Anyone who wants to open a website in China now has to have a face-to-face meeting with regulators first, AP reports:

The state-sanctioned group that registers domain names in China froze registrations for new individual Web sites in December after state media complained that not enough was being done to check whether sites provided pornographic content.

The Ministry of Industry and Information Technology said that ban was being lifted, but would-be operators would now have submit their identity cards and photos of themselves as well as meet in person with regulators and representatives of service providers before their sites could be registered.

It said the rule was aimed at cracking down on pornography.

China has the world’s biggest online population, with 384 million Internet users. The government operates the world’s most extensive system of Web monitoring and filtering, blocking pornographic sites as well as those seen as subversive to communist rule.

ChinaZ.com, a community website for webmasters reported the photo requirement and process with the following actual photo:

Update: From LA Times:

“Internet security needs to be cured from its roots,” Li Yizhong, head of the Ministry of Industry and Information Technology, was quoted as saying in a state news article Sunday.

Critics say the new requirement has little to do with pornography and instead serves to increase controls and discourage web users from engaging in any activity that challenged the government.

For all its complexity, experts say the key to the government’s controls is not its filtering technology or registration requirements, but the willingness of individuals to censor themselves.

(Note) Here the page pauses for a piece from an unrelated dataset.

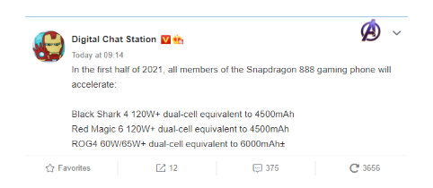 根據數字聊天??站的說法,ROG Phone 4將支持60W或65W的快速(有線)充電。這應該使用戶能夠為其雙電池6000mAh的電池充電,而其前身ROG Phone 3支持30W快速有線充電。
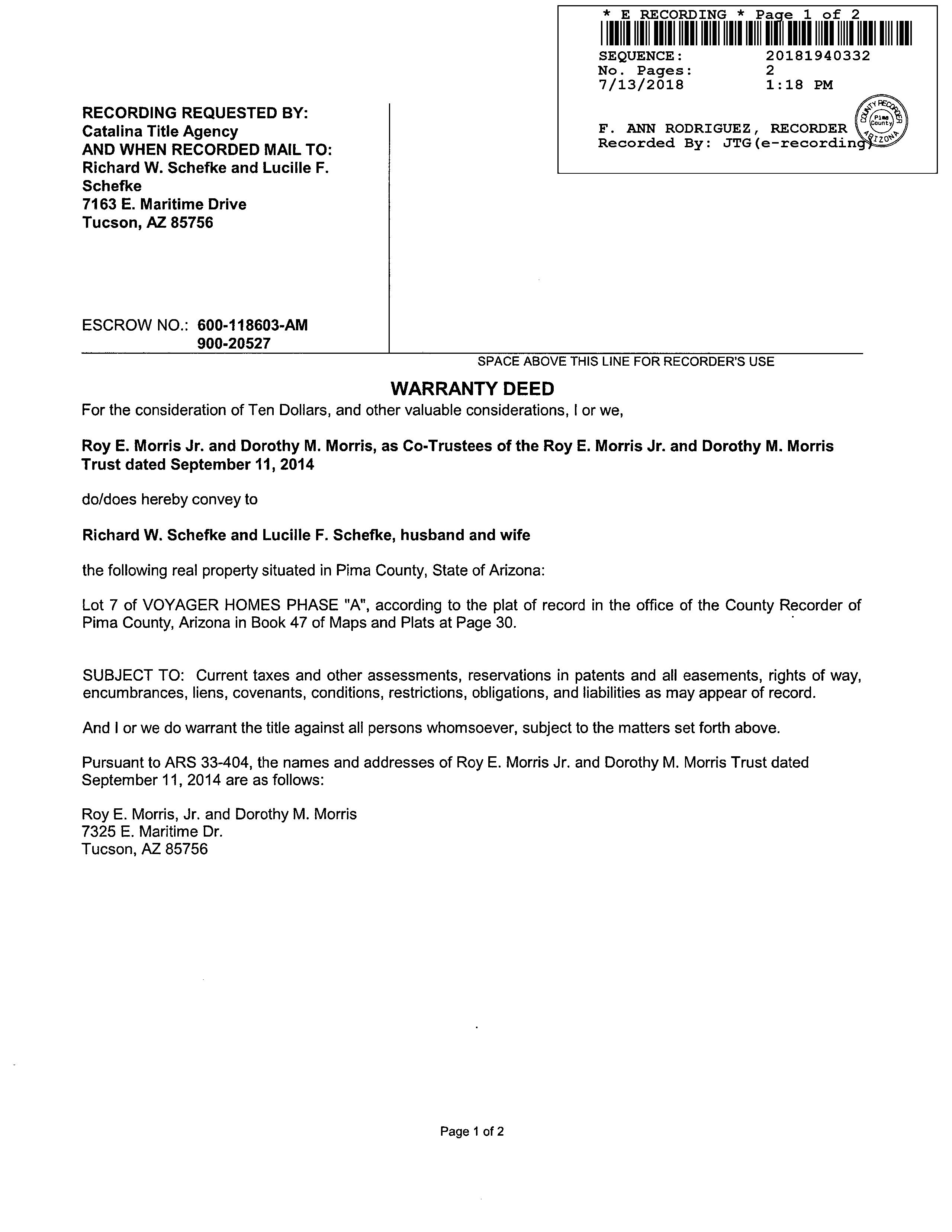 Owner Name : Schefke Richard W / Schefke Lucille F

“This new measure comes as no surprise, since a key element of control has always been about how to use disciplinary punishment and surveillance to create a self-censorship environment,” said Xiao Qiang, director of the China Internet Project at UC Berkeley. “The government feels increasingly insecure with their ability to control the Internet, therefore more and more policies and controlling practices are aimed at enhancing a self-policing environment.”